The African National Congress, in power since South Africa's first all-race elections 17 years ago, will almost certainly cruise to victory given the massive public support it still enjoys for bringing down white-minority rule.
But the ANC and its leader, President Jacob Zuma, could be embarrassed by gains for the opposition Democratic Alliance (DA), which runs Cape Town and has campaigned as the party that can deliver municipal services.
The DA, once associated with white privilege and now trying to reinvent itself as a party that provides good governance for all, said it was confident of securing more votes than in the 2006 local elections, when it took about 14 percent of votes.
Polls closed at 1700 GMT, the first results were expected late on Wednesday, and final results on Friday.
What once looked like a dull campaign for control of 278 municipalities, including Johannesburg, Cape Town, Durban and Pretoria, heated up as a row over the toilets, whose users are exposed to public view, dominated headlines.
The ANC scored political points a few months ago when it found the DA had not built walls around public toilets in shantytowns in an area it controlled.
But the ANC itself came under fire when it was revealed just before the vote that it too had failed to build such walls in a town it controlled, and that a local ANC official had been paid state funds for a shoddy construction job.
The ANC has spent billions of dollars to improve the lives of the poor but the results have been mixed. Much of the money has been lost through corruption and incompetence, angering welfare recipients and taxpayers alike.
An Ipsos/Markinor opinion poll released on Wednesday found that the ANC would win outright in four of the eight biggest metropolitan areas, but that undecided voters could force the party to enter coalitions in three other areas.
The poll said the DA would retain Cape Town but might be forced into a coalition with smaller parties to keep control.
VOTING FOR CHANGE
Voters queued patiently for hours before the polls opened in a squatter settlement in the Meadowlands area of South Africa's biggest black township, Soweto.
Adeline Ndlanzi, 58, standing outside a voting station in a tent among shacks and piles of rubbish, said she wanted change.
"We are living in a dirty place. There have been changes since 1994 but not enough," she said.
Since Zuma took power in 2009, the ANC has faced a rising tide of violent protests from its traditional base of poor blacks.
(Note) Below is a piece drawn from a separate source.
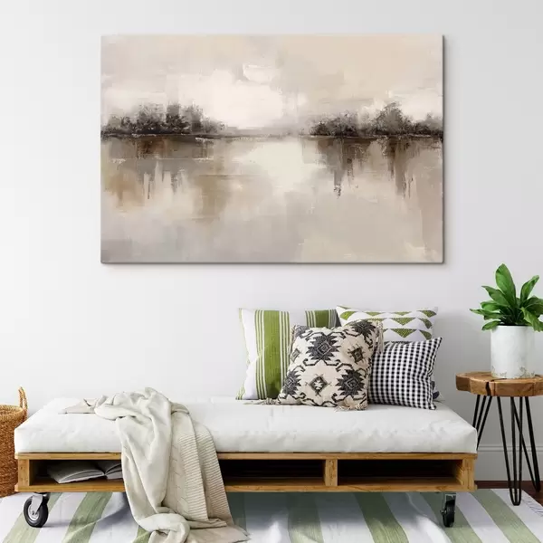 Peintures Paysage doux avec un lac dans des tons chauds beige-gris s46158

The number of protests has shot up from two in 2006 to a record 111 in 2010, according to research group Municipal IQ.
Many poor blacks are frustrated by the slow delivery of electricity, running water, sanitation, functioning schools and basic healthcare since the ANC came to power in 1994.
Some were likely to have shows their anger by either not voting or doing what was once unthinkable: voting for the DA.
"This is the first time in post-apartheid South Africa that our politics appears to be moving toward being about the issues rather than about the identity of the voters," said independent political analyst Nic Borain.
But even if the election shows the ANC is vulnerable, it could be decades before a viable alternative mounts a serious challenge.
"We are too close to the end of apartheid ... to expect a massive transformation of the vote," Borain said.